The chart below shows these WMP price scenarios and the associated indicative 2015/16 milk price. It is also gives an indicative start point to the 2016/17 season if prices evolve as defined under these scenarios (along with other assumptions) to the start of that season.
These are the three scenarios the BNZ economists outline:
This scenario assumes prices remain at the mid-July auction’s level for the entire season (as if world prices would ever sit still for a year!). Given the other uncertainties including the exchange rate, we estimate this would give a 2015/16 milk price in a range of $3.00 to $3.50.
This scenario assumes further declines in WMP prices to US$1,500 in the near term and no recovery over the season. Such a scenario may involve an economic stumble in China denting dairy demand, lower oil prices, a further extension of the Russian trade ban, large EU production post-quota removal, weak underlying prices engaging EU intervention buying that delays price recovery, strong US milk production via lower grain prices, and/or favourable weather. The NZD would be expected to decline further under such conditions, but even so and given the other uncertainties, such an international situation would give a 2015/16 milk price in a range of $2.40 to $2.80.
This scenario assumes price stabilisation initially and then solid gains in WMP to US$3,500 by the middle of next year. Such a scenario may involve some combination of a prompt and large return of buying from China, strong lift in oil and grain prices, a severe El Nino denting milk production, removal of the Russian trade ban, or major weather event in a major milk producing area. The NZD would be expected to be firm under such conditions, but even so and given the other uncertainties, we estimate this would give a 2015/16 milk price in a range of $4.50 to $5.00.
Steel said while the latter scenario may seem unlikely given current weak conditions, "we note that in the three dairy price cycles within the past 10 years WMP prices have essentially doubled within a 12 month period".
"Is it darkest before the dawn at present?"
Steel said BNZ's economist are expecting Fonterra to make a downward revision to its forecast milk price.
"How much depends on many factors, including the co-op’s view on where dairy prices track over the coming 12 months. One thing is for sure. There is plenty to consider."

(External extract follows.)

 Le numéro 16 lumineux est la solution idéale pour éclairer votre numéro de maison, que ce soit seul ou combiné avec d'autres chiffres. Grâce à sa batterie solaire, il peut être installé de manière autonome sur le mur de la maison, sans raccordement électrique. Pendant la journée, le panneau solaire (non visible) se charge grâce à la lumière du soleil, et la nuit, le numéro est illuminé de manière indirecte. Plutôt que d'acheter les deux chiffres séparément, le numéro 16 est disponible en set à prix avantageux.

July weather continues to put pressure on feed as managers carefully ration supplies as they plan toward calving, but lower than average soil temperatures slow growth on saved calving pastures.

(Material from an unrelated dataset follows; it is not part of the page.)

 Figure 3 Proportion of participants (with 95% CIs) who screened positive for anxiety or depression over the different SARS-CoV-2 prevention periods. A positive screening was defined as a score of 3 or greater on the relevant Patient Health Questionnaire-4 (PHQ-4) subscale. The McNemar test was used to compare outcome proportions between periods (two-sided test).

Whilst many are locked into this years feeding systems, advisers suggest feed should be no more than 5% of total farm costs as budgets and stocking rates are meticulously reviewed, and the price of feed grains and pke are falling steadily.

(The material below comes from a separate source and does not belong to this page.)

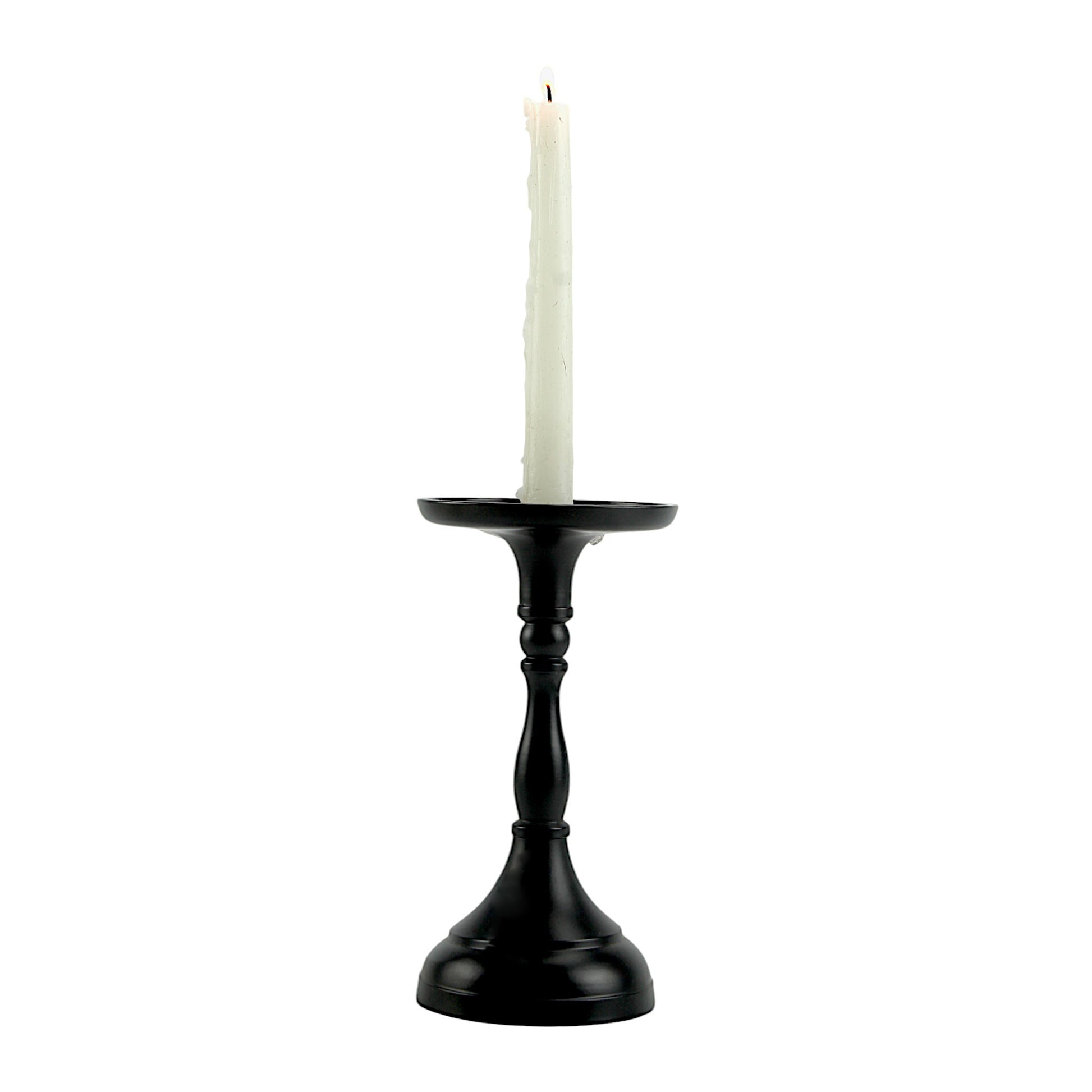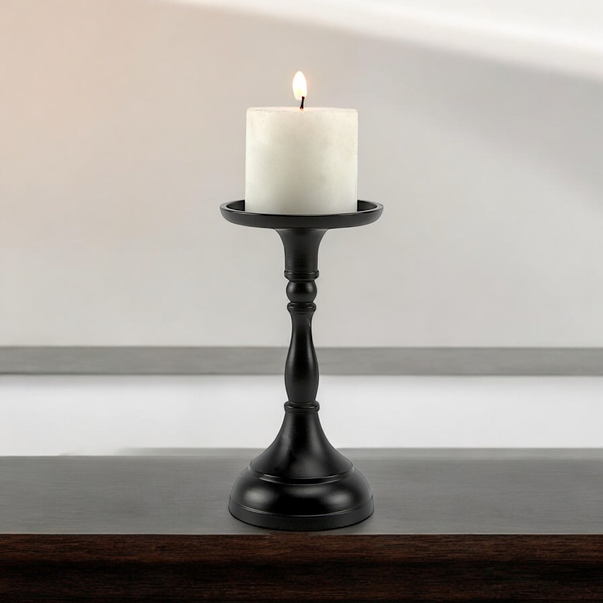 Elegant Black Aluminum Medium Pillar Candle Holder | Timeless Home Accent

Northern herds have plenty of calves on the ground now as their season starts, but will be very concerned of reports of last years dairy commodity stocks carried over, both here in NZ and powder stockpiles in China.
Many are having to supplement milking cows with palm kernel, maize, and silage to maximise production, but most are planning to grow their own feed this year, and have reduced stocking rates to achieve this.
Last weeks auction result was described as disastrous on another 10% fall, driven by an even bigger drop for whole milk powder, and the ANZ dropped its forecast to $3.75-$4.00/kg ms, and the BNZ to $3.80.
Open Country Cheese also reacted pessimistically with a $3.65-$3.95 figure that illustrates just how far the fall has gone.
The currency did fall on the back of this poor auction, and economists predict further falls in interest rates, as more debt may be the only solution in the short term.
All eyes will be on Fonterra’s 7th August announcement of the advanced rate which will show the markets true position, and determine the extent of the overdraft pressures for the coming season.
Dairy farmers are being urged to use beef genes for non breeding cows to cash in on strong demand for beef, and increase returns from this byproduct of milking.